# [Tensorflow 1.x]  MNIST

<br>

- MNIST (Mixed National Institute of Standards and Technology database)
- 숫자(0~9) 손글씨 이미지 데이터
- 각 이미지는 가로, 세로 28px의 흑백 이미지로 만들어져 있음
- Training data == 55,000장, Validation data == 5,000장, Test data = 10,000장

<br>

![image](image/mnist2.gif)

![image](image/mnist1.png)

In [1]:
import pandas as pd
import numpy as np

import tensorflow as tf
tf.logging.set_verbosity(tf.logging.ERROR)

import os
os.environ['TF_CPP_MIN_LOG_LEVEL'] = '2'

<br>

### 1. Prepare the data

In [2]:
from tensorflow.examples.tutorials.mnist import input_data
mnist = input_data.read_data_sets("./mnist/data/", one_hot=True)

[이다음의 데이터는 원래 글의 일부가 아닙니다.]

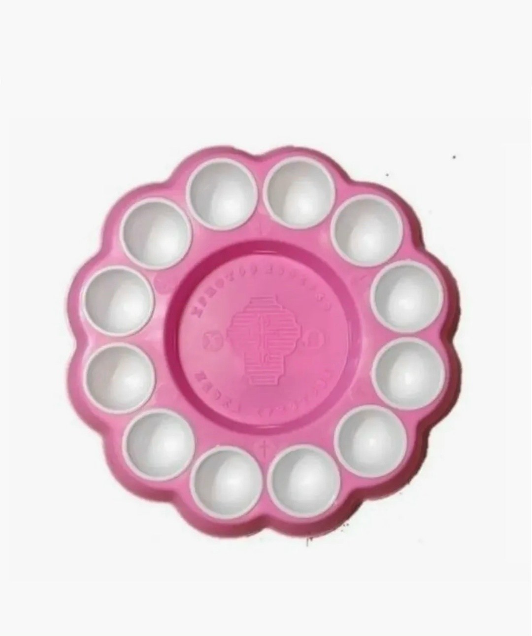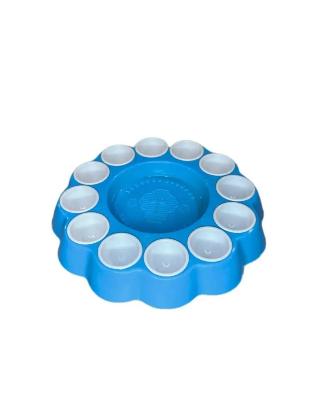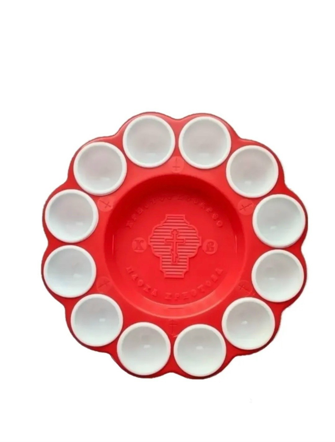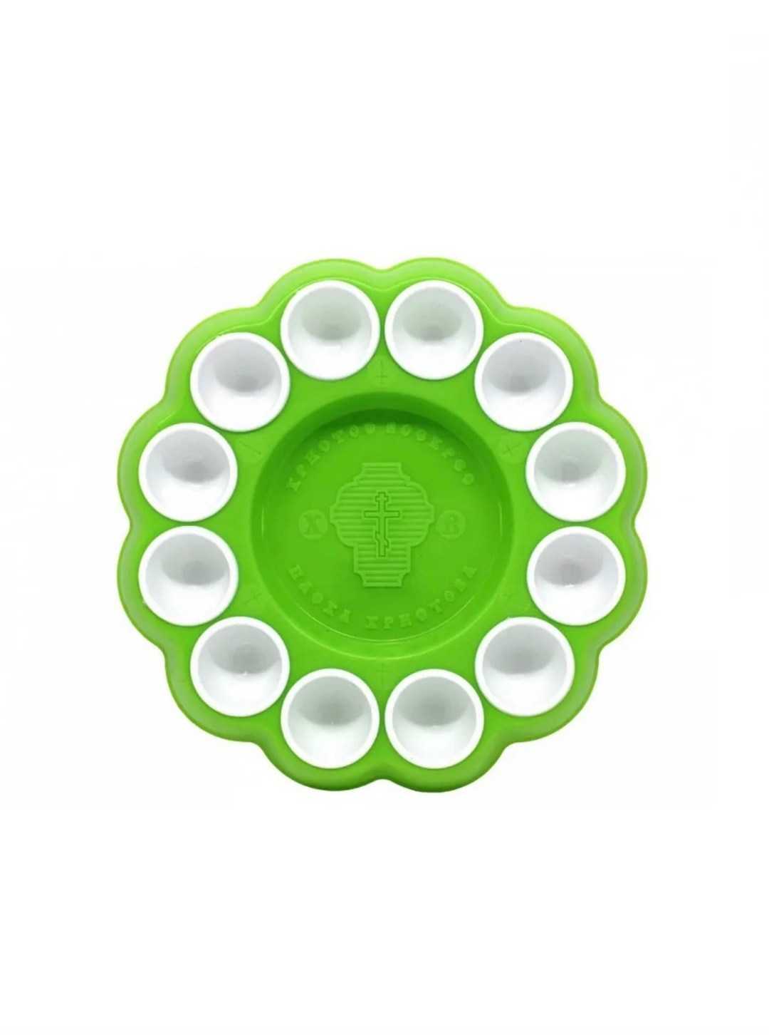 Подставка изготовлена из пластичного материала В центре изделия расположено углубление диаметром 12 см, предназначенное для кулича или пасхи По краю, по всему периметру располагаются глазки - углубления для 12 пасхальных яиц Эти углубления вставные и могут быть выполнены из пластмассы другого цвета Например, красная подставка с жлтыми или белыми глазками Она может быть использована при освящении пасхи, кулича и яиц, или при украшении пасхального стола.

Extracting ./mnist/data/train-images-idx3-ubyte.gz
Extracting ./mnist/data/train-labels-idx1-ubyte.gz
Extracting ./mnist/data/t10k-images-idx3-ubyte.gz
Extracting ./mnist/data/t10k-labels-idx1-ubyte.gz


![image](image/mnist3.png)

In [3]:
mnist # Datasets 함수 그룹

Datasets(train=<tensorflow.contrib.learn.python.learn.datasets.mnist.DataSet object at 0x0000029C3609A4A8>, validation=<tensorflow.contrib.learn.python.learn.datasets.mnist.DataSet object at 0x0000029C4E9A3BE0>, test=<tensorflow.contrib.learn.python.learn.datasets.mnist.DataSet object at 0x0000029C4E9A3B38>)

In [4]:
mnist.train

<tensorflow.contrib.learn.python.learn.datasets.mnist.DataSet at 0x29c3609a4a8>

In [5]:
dir(mnist.train)

['__class__',
 '__delattr__',
 '__dict__',
 '__dir__',
 '__doc__',
 '__eq__',
 '__format__',
 '__ge__',
 '__getattribute__',
 '__gt__',
 '__hash__',
 '__init__',
 '__init_subclass__',
 '__le__',
 '__lt__',
 '__module__',
 '__ne__',
 '__new__',
 '__reduce__',
 '__reduce_ex__',
 '__repr__',
 '__setattr__',
 '__sizeof__',
 '__str__',
 '__subclasshook__',
 '__weakref__',
 '_epochs_completed',
 '_images',
 '_index_in_epoch',
 '_labels',
 '_num_examples',
 'epochs_completed',
 'images',
 'labels',
 'next_batch',
 'num_examples']

In [6]:
type(mnist.train.images)

numpy.ndarray

In [7]:
mnist.train.images.shape # 55000장(행), 784(== 28*28, 열)

(55000, 784)

![image](image/nparray.PNG)

In [8]:
# 이미지에 대한 답이 one-hot vector 형태로 주어짐
pd.DataFrame(mnist.train.labels).head() 

Unnamed: 0,0,1,2,3,4,5,6,7,8,9
0,0.0,0.0,0.0,0.0,0.0,0.0,0.0,1.0,0.0,0.0
1,0.0,0.0,0.0,1.0,0.0,0.0,0.0,0.0,0.0,0.0
2,0.0,0.0,0.0,0.0,1.0,0.0,0.0,0.0,0.0,0.0
3,0.0,0.0,0.0,0.0,0.0,0.0,1.0,0.0,0.0,0.0
4,0.0,1.0,0.0,0.0,0.0,0.0,0.0,0.0,0.0,0.0


<br>

### 2. Build the model

In [6]:
# placeholder 생성 / [행, 열]
X = tf.placeholder(tf.float32, [None, 784]) # 총 열의 개수 (28px*28px)
Y = tf.placeholder(tf.float32, [None, 10]) # 정답 열의 수 0~9

2 hidden layers

In [7]:
# 모든 Parameter Theta는 Variable로 선언

W1 = tf.Variable(tf.random_normal([784, 256], stddev=0.01)) # 256: X 열의 수, 랜덤 정규분포 표준편차 0.01
L1 = tf.nn.relu(tf.matmul(X, W1))

In [8]:
W2 = tf.Variable(tf.random_normal([256, 256], stddev=0.01)) # 256: W1 열의 수
L2 = tf.nn.relu(tf.matmul(L1, W2))

In [9]:
W3 = tf.Variable(tf.random_normal([256, 10], stddev=0.01)) # 10: W2 열의 수
model = tf.matmul(L2, W3)

<br>

### 3. Set the criterion

In [17]:
# cost = tf.losses.mean_squared_error(Y, model) # MSE for Regression

# cross-entropy for Classification
cost = tf.losses.softmax_cross_entropy(Y, model) 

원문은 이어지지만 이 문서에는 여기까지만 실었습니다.